Peilun (Tom) Hao
I study the history of modern East Asia from the 1800s to 1950, with particular interests in political economy, social history, and urban history. I consider myself primarily a historian of China, but I am also interested in transregional history and comparative history either within East Asia or on a global scale.
I received my B.A. in History with Honors from the University of Chicago. My B.A. Thesis, “The Scramble for Rice in Wartime Shanghai, 1937-1945”, focused on the issue of food supplies, particularly rice, in Shanghai during the Second World War. Utilizing archival materials in three languages, my research examined the actual extent of starvation, shifting sources of rice supplies, and the food policies of various governments. In particular, by placing Japanese and its Chinese puppet’s wartime policies within a framework of statebuilding and the context of the Pacific War, I attempt to critically reevaluate the Japanese wartime empire in occupied China. For the quality of my research and writing, I received the Asada Eiji BA Thesis Prize from the University of Chicago Center for East Asian Studies and the Emil Karafiol Prize in International History from the history department.
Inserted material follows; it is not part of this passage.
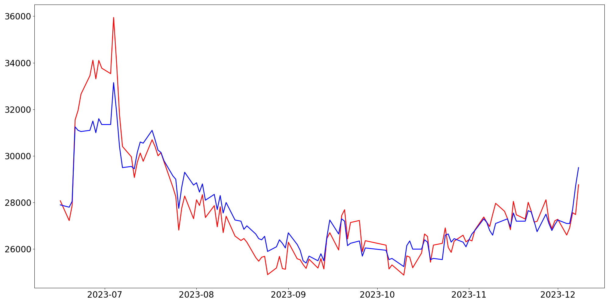 [ - : 실제값(종가) / - : 예측값(종가) ]

At Princeton I plan on continuing and expanding my research into a broader project on cities in occupied China during the Sino-Japanese War (1931-1945). I am interested in both how cities functioned as nodes of movement and control within the Japanese Empire and how the urban society responded to Japanese invasion.
Outside my work, I am a diehard foodie and an avid fan of the Japanese anime series Neon Genesis Evangelion.